The catch is that harness engineering is hand work. Developers read trajectories, spot recurring failure patterns, and hand-craft edits across prompts, tools, and middleware. Worse, the best harness is model-specific, so every new base model needs a fresh round of manual tuning. As models ship faster, that manual loop falls behind.

The authors argue the bottleneck is not the cleverness of an automating agent but observability: give an evolution agent a clear action space and structured evidence, and it can converge on better designs on its own. Agentic Harness Engineering (AHE) is their attempt to prove it.

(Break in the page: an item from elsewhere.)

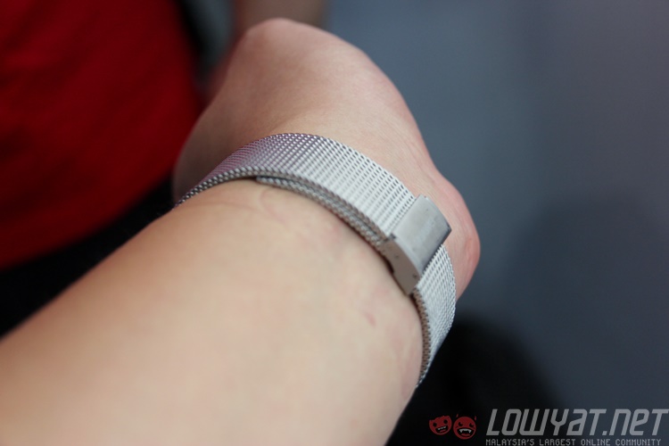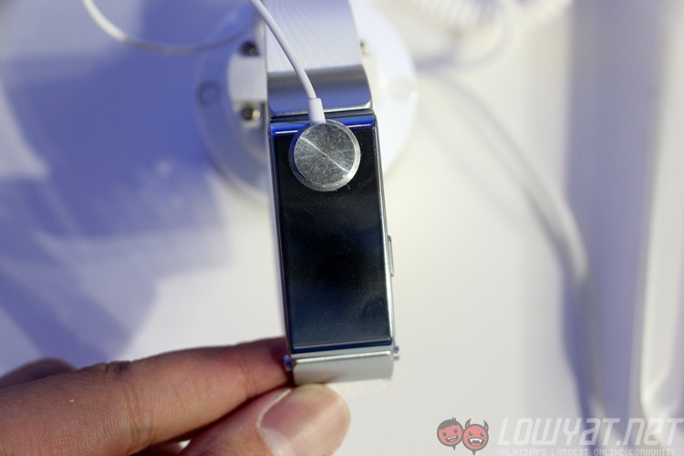 The TalkBand B2’s core is removable, and you’ll need to do so when you are charging the module. What’s pretty cool about the core is with the display: the panel takes the colour of the core, so when it isn’t turned on, it looks like it’s just a small trendy wristband. Press the power button and you’ll see glanceable notifications displayed in white. The panel has touch support too, so you can swipe to show the various information it collects.

Ten iterations of an agent editing its own harness

Recreated from Lin et al. (2026), Figure 1. Per-iteration pass@1 and the best-so-far envelope on Terminal-Bench 2 (89 tasks), with the human-designed Codex baseline for reference. All three role agents share one base model, so the gain is attributable to harness edits.

Pipeline diagram showing the NexAU harness components feeding a coding agent that produces a raw trace, distilled into evidence by a debugger, which an evolve agent uses to modify components in a closed loop across three observability layers. — A schematic of the AHE closed loop, where a coding agent's harness components, rollout traces, and edit decisions are turned into observable artifacts an evolving agent reads and improves each round.

The loop knows its fixes, not its regressions

Recreated from Lin et al. (2026), Figure 4. Cross-iteration mean precision and recall of the Evolve Agent's self-predictions over 9 rounds, against a random-prediction baseline. Fix predictions land ~5x above chance; regression predictions barely clear it.

Three pillars that make every edit falsifiable

AHE is a closed loop in which one agent rewrites another agent's harness while the base model stays frozen. It rests on three matched forms of observability, each turning a messy part of the problem into something an agent can actually read and act on.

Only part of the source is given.